— А это откуда? — Кир только глаза протер.
— Я бы сказал тебе «от верблюда», но, боюсь, Катька обидится! — Степан развлекался. — Мне вот ещё интересно, что Кот скажет! Он-то Кот, а это какая-то незнакомая псина!
— Слушай, ты можешь мне сделать одолжение? — Катерина мрачно сверкнула глазами. Она сидела на полу и держала миску, чтобы псу было удобнее лакать.
— Запросто! Чего изволите? Помыть его? Подстричь, причесать? — Степана понесло.
— Просто заткнуться! Хотя бы минут на двадцать! — Катерине было жалко бедолагу до слез. Ребра можно было пересчитать, даже под густой шерстью! Хребет выступал как Уральские горы. Лапы до крови стерты ледяным крошевом. На шее кровавый след от цепи. Видны полузажившие раны и более старые шрамы. И ест пес так, словно давно забыл, что это такое, еда! А тут это юморист развлекается!

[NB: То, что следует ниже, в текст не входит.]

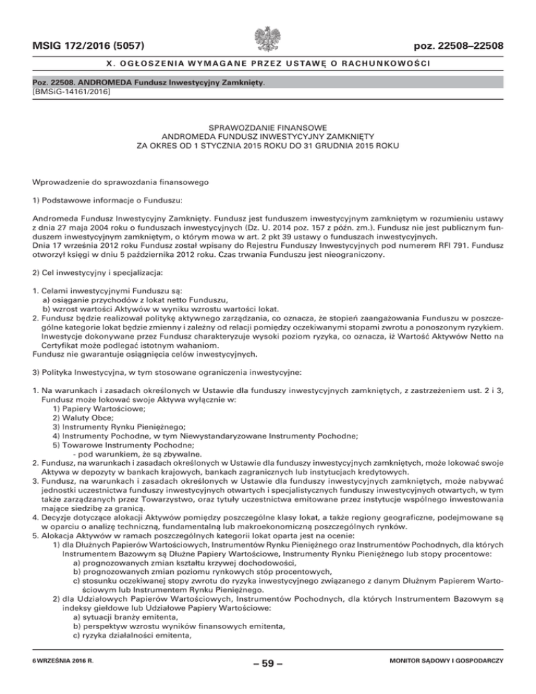 MSIG 172/2016 (5057) poz. 22508–22508 X . O G Ł O S Z E N I A W Y M A G A N E P R Z E Z U S TAW Ę O R A C H U N K O W O Ś C I Poz. 22508. ANDROMEDA Fundusz Inwestycyjny Zamknięty. [BMSiG-14161/2016] SPRAWOZDANIE FINANSOWE ANDROMEDA FUNDUSZ INWESTYCYJNY ZAMKNIĘTY ZA OKRES OD 1 STYCZNIA 2015 ROKU DO 31 GRUDNIA 2015 ROKU Wprowadzenie do sprawozdania finansowego 1) Podstawowe informacje o Funduszu: Andromeda Fundusz Inwestycyjny Zamknięty. Fundusz jest funduszem inwestycyjnym zamkniętym w rozumieniu ustawy z dnia 27 maja 2004 roku o funduszach inwestycyjnych (Dz. U. 2014 poz. 157 z późn. zm.). Fundusz nie jest publicznym funduszem inwestycyjnym zamkniętym, o którym mowa w art. 2 pkt 39 ustawy o funduszach inwestycyjnych. Dnia 17 września 2012 roku Fundusz został wpisany do Rejestru Funduszy Inwestycyjnych pod numerem RFI 791. Fundusz otworzył księgi w dniu 5 października 2012 roku. Czas trwania Funduszu jest nieograniczony. 2) Cel inwestycyjny i specjalizacja: 1. Celami inwestycyjnymi Funduszu są: a) osiąganie przychodów z lokat netto Funduszu, b) wzrost wartości Aktywów w wyniku wzrostu wartości lokat. 2. Fundusz będzie realizował politykę aktywnego zarządzania, co oznacza, że stopień zaangażowania Funduszu w poszczególne kategorie lokat będzie zmienny i zależny od relacji pomiędzy oczekiwanymi stopami zwrotu a ponoszonym ryzykiem. Inwestycje dokonywane przez Fundusz charakteryzuje wysoki poziom ryzyka, co oznacza, iż Wartość Aktywów Netto na Certyfikat może podlegać istotnym wahaniom. Fundusz nie gwarantuje osiągnięcia celów inwestycyjnych. 3) Polityka Inwestycyjna, w tym stosowane ograniczenia inwestycyjne: 1. Na warunkach i zasadach określonych w Ustawie dla funduszy inwestycyjnych zamkniętych, z zastrzeżeniem ust. 2 i 3, Fundusz może lokować swoje Aktywa wyłącznie w: 1) Papiery Wartościowe; 2) Waluty Obce; 3) Instrumenty Rynku Pieniężnego; 4) Instrumenty Pochodne, w tym Niewystandaryzowane Instrumenty Pochodne; 5) Towarowe Instrumenty Pochodne; - pod warunkiem, że są zbywalne. 2. Fundusz, na warunkach i zasadach określonych w Ustawie dla funduszy inwestycyjnych zamkniętych, może lokować swoje Aktywa w depozyty w bankach krajowych, bankach zagranicznych lub instytucjach kredytowych. 3. Fundusz, na warunkach i zasadach określonych w Ustawie dla funduszy inwestycyjnych zamkniętych, może nabywać jednostki uczestnictwa funduszy inwestycyjnych otwartych i specjalistycznych funduszy inwestycyjnych otwartych, w tym także zarządzanych przez Towarzystwo, oraz tytuły uczestnictwa emitowane przez instytucje wspólnego inwestowania mające siedzibę za granicą. 4. Decyzje dotyczące alokacji Aktywów pomiędzy poszczególne klasy lokat, a także regiony geograficzne, podejmowane są w oparciu o analizę techniczną, fundamentalną lub makroekonomiczną poszczególnych rynków. 5. Alokacja Aktywów w ramach poszczególnych kategorii lokat oparta jest na ocenie: 1) dla Dłużnych Papierów Wartościowych, Instrumentów Rynku Pieniężnego oraz Instrumentów Pochodnych, dla których Instrumentem Bazowym są Dłużne Papiery Wartościowe, Instrumenty Rynku Pieniężnego lub stopy procentowe: a) prognozowanych zmian kształtu krzywej dochodowości, b) prognozowanych zmian poziomu rynkowych stóp procentowych, c) stosunku oczekiwanej stopy zwrotu do ryzyka inwestycyjnego związanego z danym Dłużnym Papierem Wartościowym lub Instrumentem Rynku Pieniężnego. 2) dla Udziałowych Papierów Wartościowych, Instrumentów Pochodnych, dla których Instrumentem Bazowym są indeksy giełdowe lub Udziałowe Papiery Wartościowe: a) sytuacji branży emitenta, b) perspektyw wzrostu wyników finansowych emitenta, c) ryzyka działalności emitenta, 6 WRZEŚNIA 2016 R. – 59 – MONITOR SĄDOWY I GOSPODARCZY MSIG 172/2016 (5057) poz. 22508–22508 X . O G Ł O S Z E N I A W Y M A G A N E P R Z E Z U S TAW Ę O R A C H U N K O W O Ś C I d) relacji oczekiwanej stopy zwrotu do ponoszonego ryzyka. 3) dla Towarowych Instrumentów Pochodnych: a) sytuacji makroekonomicznej - prognozowanego wzrostu gospodarczego, stopy inflacji, podaży pieniądza, kursów walutowych oraz innych istotnych zmiennych mających wpływ na kształtowanie się cen towarów, b) sytuację fundamentalną danego towaru, surowca, produktu rolnego, nośnika energii lub powiązanej z nimi branży - bilansu popytu i podaży, handlu międzynarodowego, istnienie substytutów, elastyczność popytu na dany towar, c) sytuację fundamentalną poszczególnych instrumentów finansowych i określenie stopnia ich korelacji z danym towarem/surowcem. 4) dla Walut Obcych: a) bilansu płatniczego kraju, w którym Waluta Obca stanowi środek płatniczy, b) finansów publicznych kraju, w którym Waluta Obca stanowi środek płatniczy, c) prognozowanych zmian poziomu rynkowych stóp procentowych w kraju, w którym Waluta Obca stanowi środek płatniczy. 5) dla Instrumentów Pochodnych, dla których Instrumentem Bazowym są Waluty Obce: a) bilansu płatniczego kraju, w którym Waluta Obca stanowi środek płatniczy, b) finansów publicznych kraju, w którym Waluta Obca stanowi środek płatniczy, c) prognozowanych zmian poziomu rynkowych stóp procentowych w kraju, w którym Waluta Obca stanowi środek płatniczy. 6) dla jednostek uczestnictwa funduszy inwestycyjnych otwartych mających siedzibę na terytorium Rzeczypospolitej Polskiej, certyfikatów inwestycyjnych funduszy inwestycyjnych zamkniętych mających siedzibę na terytorium Rzeczypospolitej Polskiej, tytułów uczestnictwa emitowanych przez fundusze zagraniczne oraz tytułów uczestnictwa emitowanych przez instytucje wspólnego inwestowania mające siedzibę za granicą: a) oczekiwanych stóp zwrotu tych funduszy inwestycyjnych otwartych, funduszy inwestycyjnych zamkniętych, funduszy zagranicznych lub instytucji wspólnego inwestowania mających siedzibę za granicą (w oparciu o przewidywane zachowanie klas aktywów, na które te fundusze i

— Ладно, не злись. Мне его тоже жалко. Только всех-то не спасешь. — Степан глубокомысленно повторял замечательную формулу людей, заботливо отводящих глаза от таких же бедолаг в их мире, а то ведь чего доброго и расстроиться самому можно!

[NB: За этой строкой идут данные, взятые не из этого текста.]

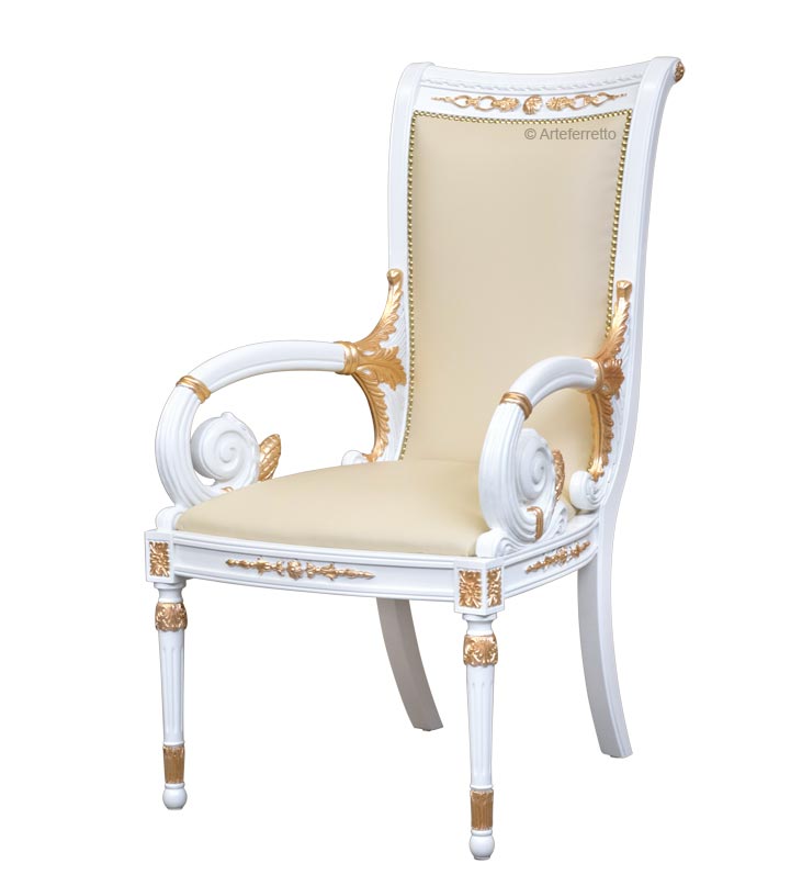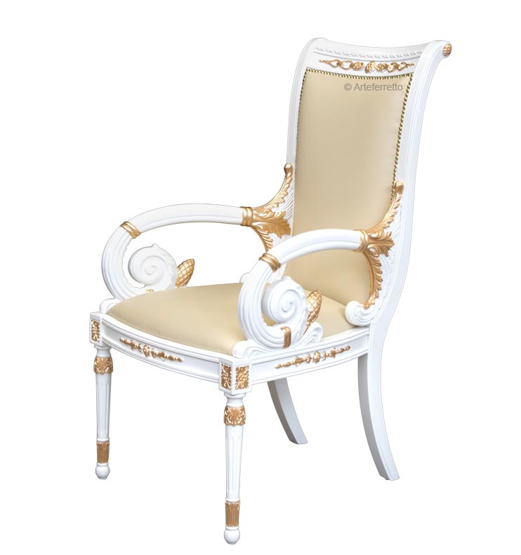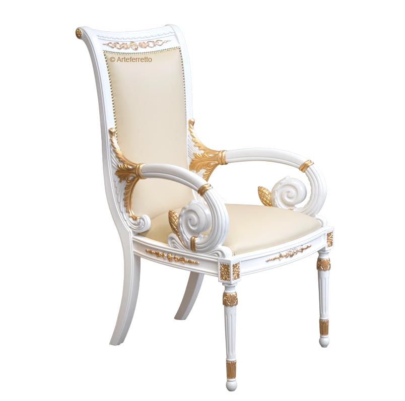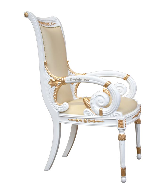 Utilizzabile come elemento d'arredo in sale da pranzo maestose o come seduta per ambienti importanti, questa sedia attirerà l'attenzione sui suoi perfetti particolari immergendovi in un mondo di fantastica e luminosa classicità.
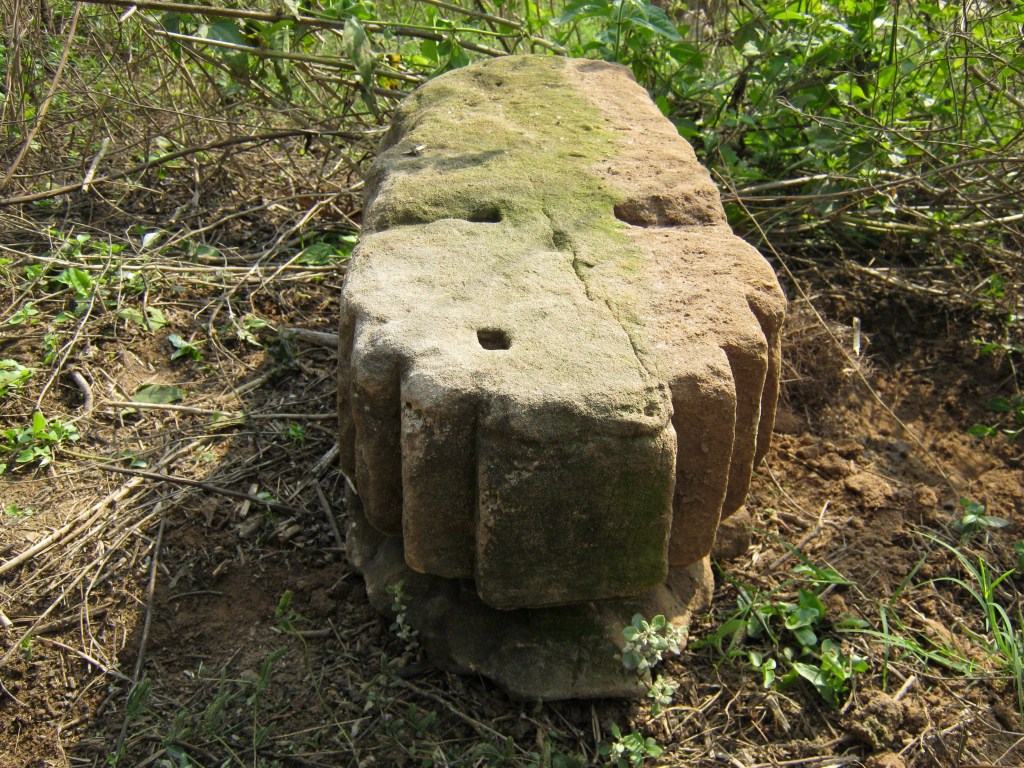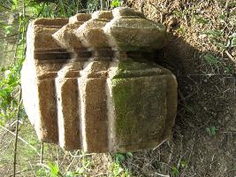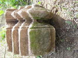 The stone is elongated and one of its ends has two moulings. Lower is thin and angular in shape. Other is flat and wider.
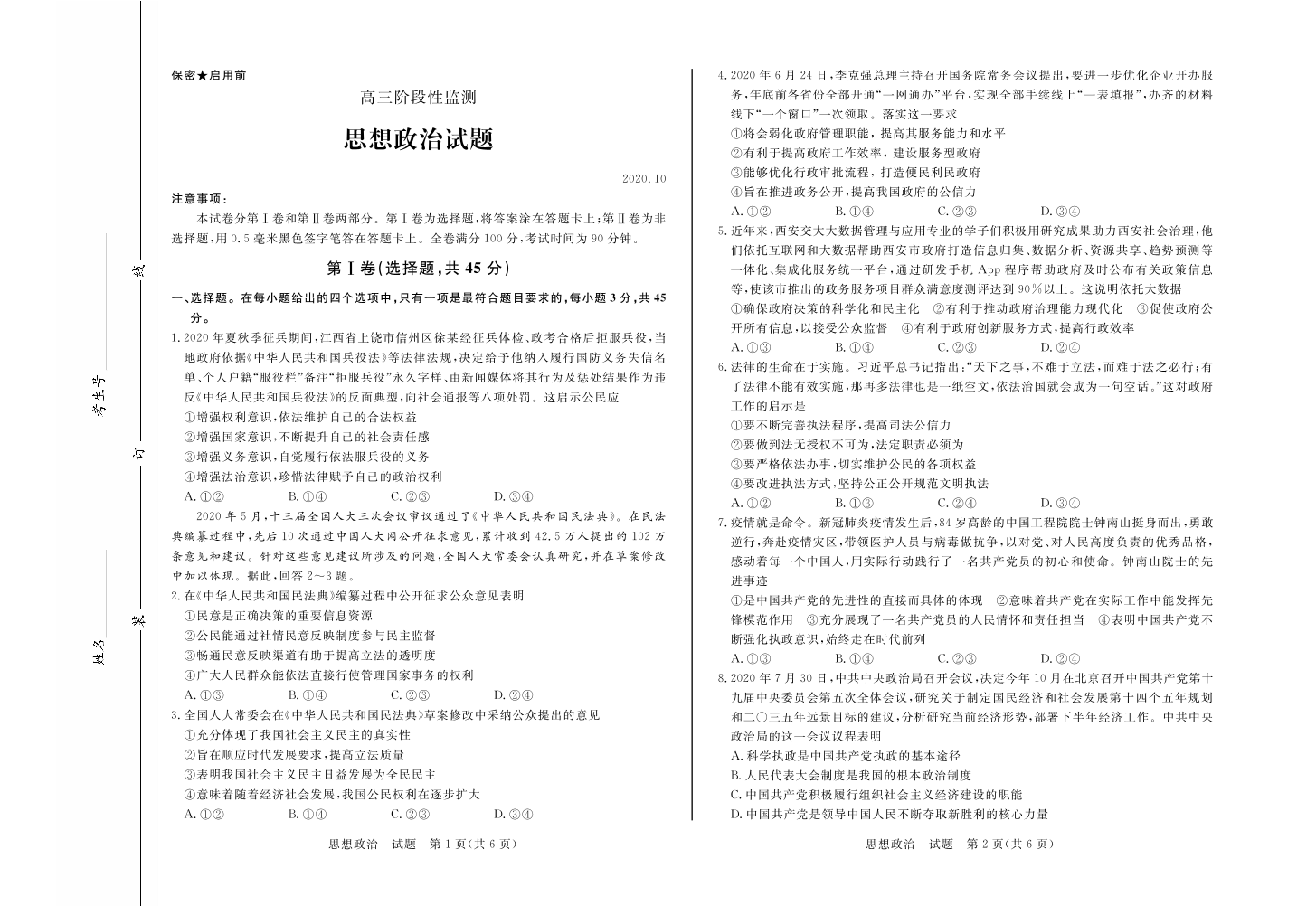 山东省潍坊市五县区2020.10高三年级阶段性监测试题政治

— Всех нет! Только это не означает, что не надо никому помогать. И вообще, отвали! — Катерина даже не ожидала, что так разозлится.
— Всё, всё! Мир! Не злись! — Степан поднял руки, показывая, что сдается. Покосился на молчавшего Кира. Если бы не этот… Он, Степан, хорошо помнил, что Катька его самого тоже пожалела, и помогала, прогоняя от него его ужас в его кошмарах! Только при Кире так не скажешь. — Помочь может чем?
— Да нет, я справлюсь. Вы идите, отдыхайте. — Катерина всегда быстро отходила, ссоры не любила, а тут ещё и занята была.
В горнице было темно и тихо. Чуть потрескивали дрова в печи, громко пел сверчок, его Дуб любил и подкармливал. Пес лежал на мягких одеялах и боялся закрыть глаза. Если их закрыть, то можно ведь опять проснуться там, на заснеженной дороге, с такой безнадежной тоской и одиночеством, что и думать страшно! Это всё ведь не может быть правдой! Тепло, еда, безопасность, а главное, голос и слова, которые его вытянули с его последнего края, руки, которые его гладили, перебирали шерсть, смазывали раны. Пёс держался из последних сил, несколько раз глаза почти закрылись, но он упорно стряхивал сон, пока не услышал:
— Не бойся, спи! Я тут рядом, никуда не денусь. Всё уже закончилось, и тебя не обидят. Ты нам нужен, я тебя не выгоню и не выкину!
Пёс уснул мгновенно. Просто провалился в теплую темноту, где не было ни снов, ни памяти, просто счастливая безмятежность.
— Кать, ты что, тут всю ночь просидишь, что ли? — Кир на цыпочках крался к печке.